>>>

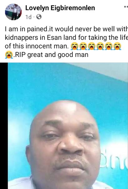 According to one, the deceased was kidnapped a few days ago between Ugbegun and Uromi, while on his way home from work.
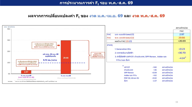 จากการประมวลผลต้นทุนในรอบเดือนพฤษภาคม-สิงหาคม พบว่าค่าเชื้อเพลิงและค่าซื้อไฟฟ้า (FAC) จะเพิ่มขึ้นจากช่วงเดือนมกราคม-เมษายน มาอยู่ที่ 29.66 สตางค์ต่อหน่วย โดยมีปัจจัยสำคัญจากราคาพลังงานไฟฟ้าที่มีสัดส่วนสูงถึง 30.70 สตางค์ต่อหน่วย ซึ่งเป็นตัวขับเคลื่อนหลักของการปรับขึ้นค่าไฟในรอบนี้
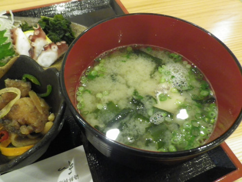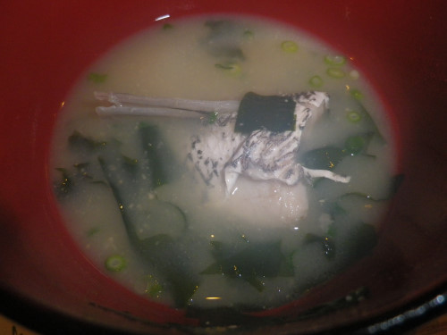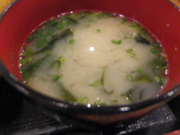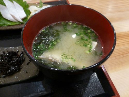 味噌汁は数種類の魚のダシ汁が詰まったというコクがある汁でタイのアラが入っていました。
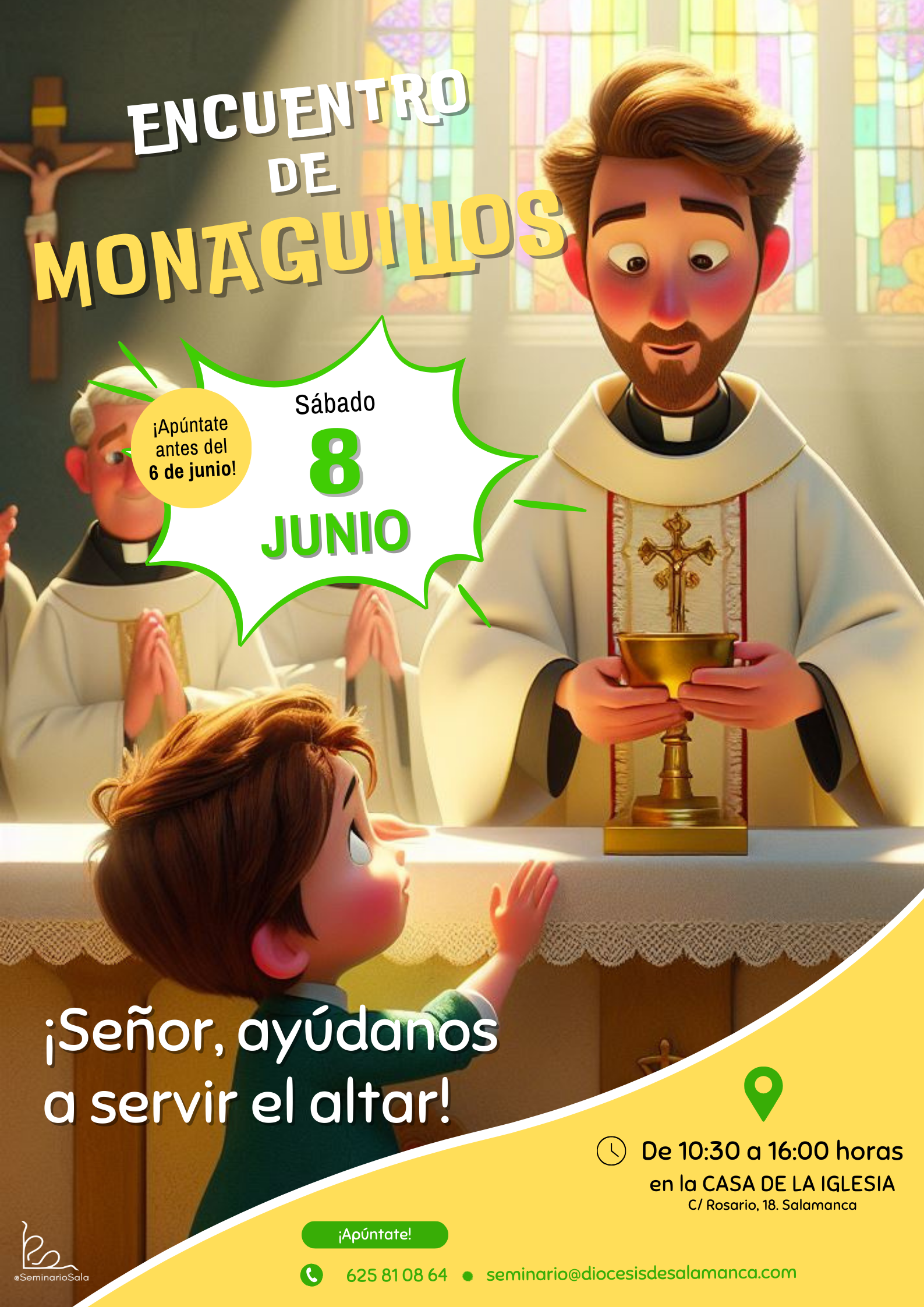 El Seminario diocesano organiza una convivencia de monaguillos dirigida a los niños y niñas de las parroquias de la Diócesis de Salamanca que colaboran en el servicio del altar cada domingo. La actividad se llevará a cabo el sábado, 8 de junio, de 10:30 a 16:00 horas, en la Casa de la Iglesia.
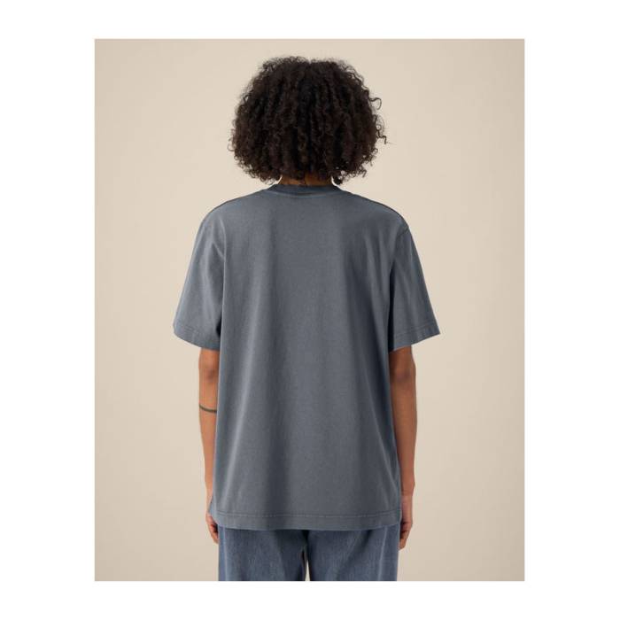 Uniszex, 100% organikus pamutból készült, 240 g/m² súlyú póló vintage megjelenéssel. Környezetbarát, túlméretezett szabás, amely kiválóan alkalmas egyedi nyomatokhoz. Egyedi mosott stílus, amely árnyékolást biztosít a varrások mentén.
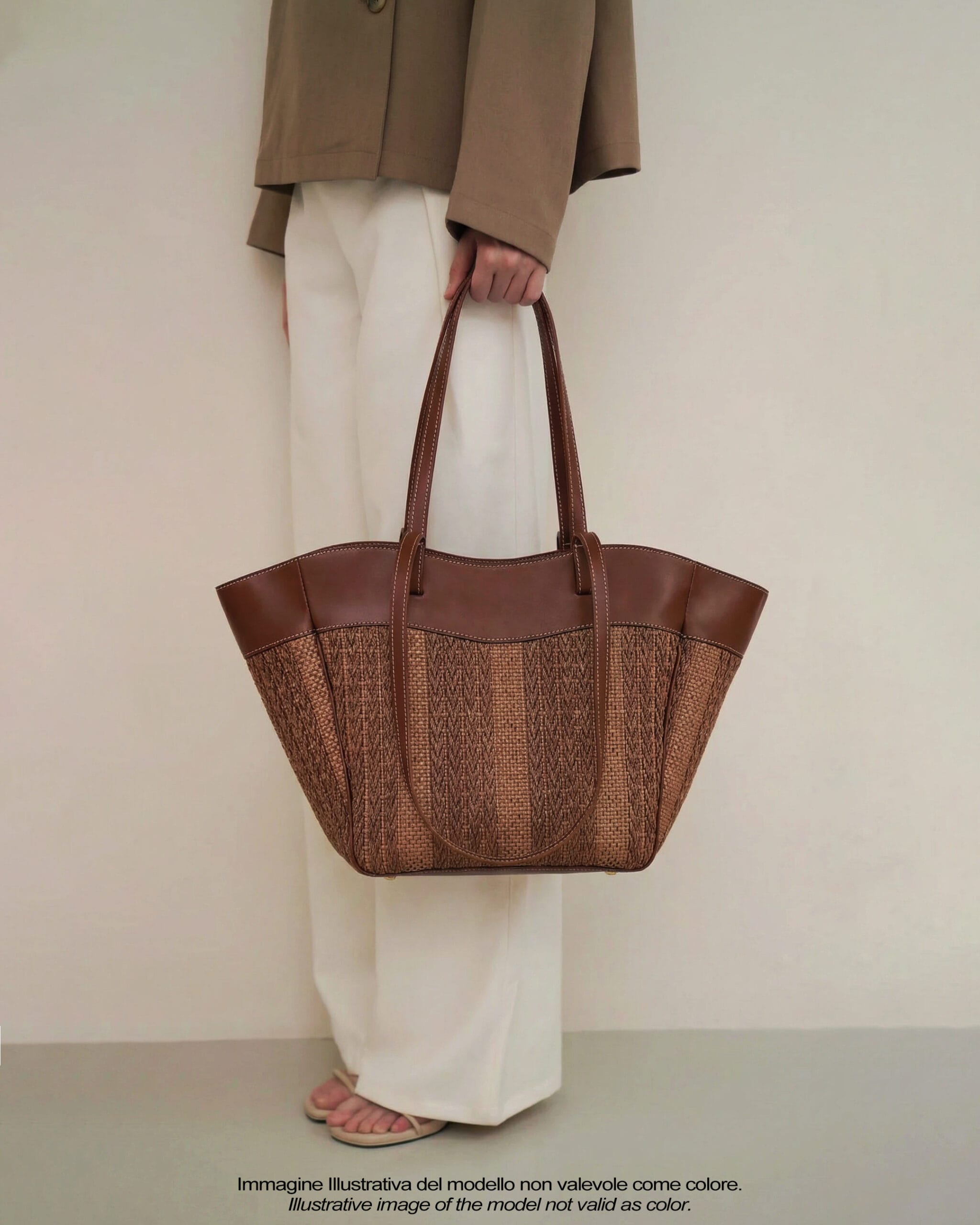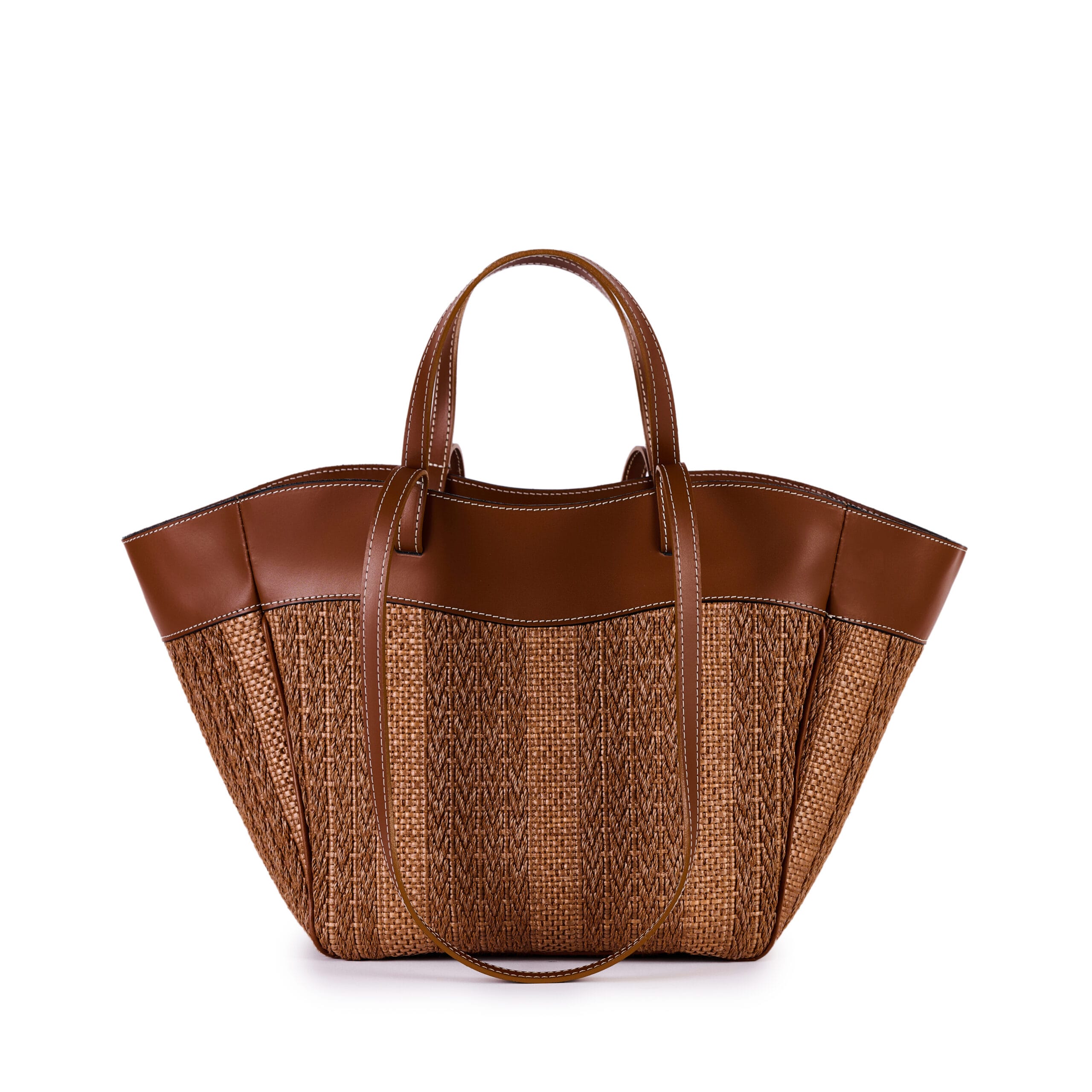 Sac en raphia jacquard avec détails en cuir, double poignée et bandoulière, fermeture zippée sur le dessus.

<<<

Task prompt
In the data above, take the line with "(FAC) จะเพิ่มขึ้นจากช่วงเดือนมกราคม-เมษายน มาอยู่ที่", the line with "味噌汁は数種類の魚のダシ汁が", and every line between, and set them down exactly without pictures.

Reply to the exercise
 จากการประมวลผลต้นทุนในรอบเดือนพฤษภาคม-สิงหาคม พบว่าค่าเชื้อเพลิงและค่าซื้อไฟฟ้า (FAC) จะเพิ่มขึ้นจากช่วงเดือนมกราคม-เมษายน มาอยู่ที่ 29.66 สตางค์ต่อหน่วย โดยมีปัจจัยสำคัญจากราคาพลังงานไฟฟ้าที่มีสัดส่วนสูงถึง 30.70 สตางค์ต่อหน่วย ซึ่งเป็นตัวขับเคลื่อนหลักของการปรับขึ้นค่าไฟในรอบนี้
 味噌汁は数種類の魚のダシ汁が詰まったというコクがある汁でタイのアラが入っていました。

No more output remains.